6. The ECAP process based cold heading forming system according to claim 5, wherein:

wherein the clamping claw unit comprises a base component, a driving electric cylinder, a driving taper rod and a pair of clamping claws,

the base component can be vertically and rotatably arranged on the clamping rotating arm, the driving cone rod is telescopically arranged on the base component through the driving electric cylinder, the cone end of the driving cone rod is an output end, the axis of the driving cone rod is used as a clamping center shaft,

the clamping claws are symmetrically arranged along the clamping center shaft, the clamping claws are arranged on the base component in a resetting and rotating mode, a lever structure is formed, the clamping claws are provided with root ends and claw ends, the distance between the two root ends is smaller than the radius of the conical top surface of the driving conical rod, the root ends are close to the output end of the driving conical rod,

when the driving electric cylinder drives the driving cone rod to extend, the driving cone rod synchronously drives a pair of clamping claw levers to rotate by pushing the root end, so that two claw ends are simultaneously close to each other, and clamping is realized.

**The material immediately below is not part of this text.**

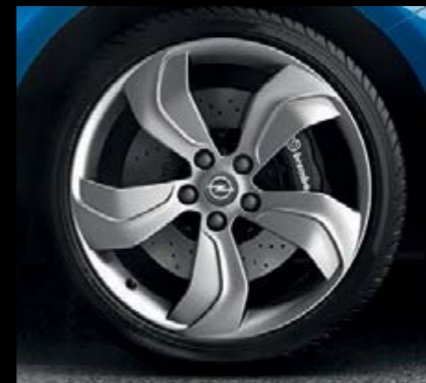
Alloy wheel. 8J x 19", OPC, tyres 245/40 R19 (RQN, standard).

7. The ECAP process based cold heading forming system according to claim 6, wherein:

wherein the root end is provided with an arc-shaped outline, the clamping claw is also provided with arc-shaped hinging lugs, the clamping claw is hinged on the base component through the arc-shaped hinging lugs, and the two arc-shaped hinging lugs are circumscribed,

when the gripper jaw lever rotates, the driving conical rod is in rolling contact with the root end, and the two gripper jaws are in rolling contact.

8. The ECAP process based cold heading forming system according to claim 6, wherein:

the base assembly comprises a first base, a second base, a fifth driving motor, a sixth driving motor and a third base, wherein the first base is vertically and rotatably arranged at the other end of the clamping rotating arm, the second base is vertically and rotatably arranged on the first base through the fifth driving motor, the third base is vertically and rotatably arranged on the second base through the sixth driving motor, the rotation shafts of the first base and the third base are parallel, and the rotation shafts of the second base and the third base are vertical.

9. The ECAP process based cold heading forming system according to claim 1, wherein:

wherein the ECAP die cavity extends in an L shape, two ends of the ECAP die cavity are provided with openings on the surface of the ECAP die,

both ends of the ECAP die cavity are provided with shielding sensors,

the cold heading forming cavity is provided with a continuous rod passing cavity and a pier head cavity, the rod passing cavity and the pier head cavity are both provided with openings on the surface of the cold heading forming die, the supporting mechanism is positioned near the openings of the rod passing cavity, and both ends of the rod passing cavity are provided with shielding sensors.

10. The ECAP process based cold heading forming system according to claim 9, further comprising:

the control module is provided with a timer, and when the shielding sensor is shielded, the timer starts to count.